External factors such as 'where are house prices going?' are generally speaking only relevant to investors, unless as a private buyer, you can afford to wait. Say you are paying £13k in rent per annum; if you are sure that your ideal house will be £14k cheaper next year, then sure, wait and save a grand...

Now on to Central Banking;
Central Banks influence retail interest rates by charging banks interest on their overnight deposits (US Fed does it differently). There is a margin between the Central Bank's rate and the retail banks public rates which covers the risk and opportunity costs for the retail banks. i.e. if the retail banks need a return of 5%, and the central bank rate is 3%, the public rate that banks will loan out money is 7%. Otherwise the bank won't loan and will leave excess cash on overnight deposit with the central bank.

Now at 7%, people are likely to save and unlikely to borrow. So the Central Bank, in order to keep the economy going, needs people to save less and borrow more, so they bring their interest rates down until the rates offered to Joe Public are at a place where Joe Public is happy to borrow. 

Negative interest rates like now are unorthodox tools (extremely so) and are caused because banks just aren't lending because they can't get a high enough return, and/or Joe Public just isn't borrowing because consumer confidence is low or interest rates are too high.

Banks would rather pay the Central Bank negative interest rates than take the risk of losing that money in bad loans to Joe Public / Jim Industry.
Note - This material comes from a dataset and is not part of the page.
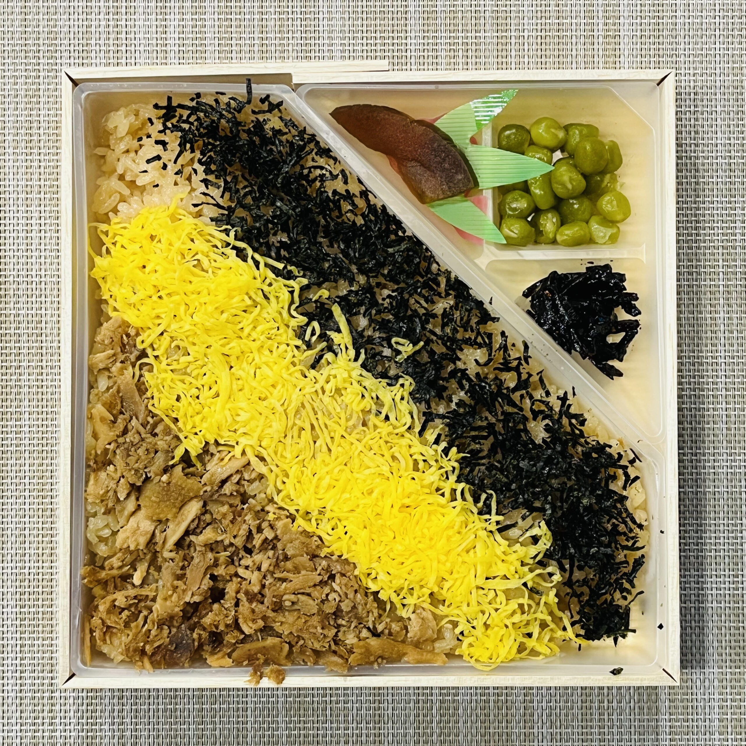 かしわめしは、鶏肉と鶏ガラでスープをとり、それで炊き込んだご飯の上に甘辛く炊き込んだお肉、錦糸卵、刻みのりをトッピングしたお弁当です。

Bad loans leads to greater reserve requirements, and Bankers hate having to hold reserves, so better to not loan out the money than have to hold on to greater reserves.
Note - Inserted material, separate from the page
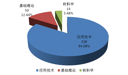 402项科技成果中,如下图2所示,应用技术成果338项,占84.08%,较上年增长6.17%;基础理论成果50项(占12.44%),软科学成果14项(占3.48%),后两类成果较上年均略有下降。
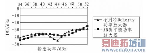图3 不对称Doherty功放与AB类平衡功放的IMD3比较曲线图

The monetary policy is now well outside established norms so the Central Banks are hinting that the Governments need to do more from a fiscal viewpoint - start raising taxes on that, lowering taxes on this, investing here, divesting there... 

One the same vein, retail banks are unlikely to start charging Joe Public negative interest rates because that would cause a run in the bank concerned. What they will do is cap deposits and charge higher fees. Same thing, different mechanism. Holders of large deposits (corporations, high net worth in individuals) excluded - they are being charged negative interest rates on cash deposits right now.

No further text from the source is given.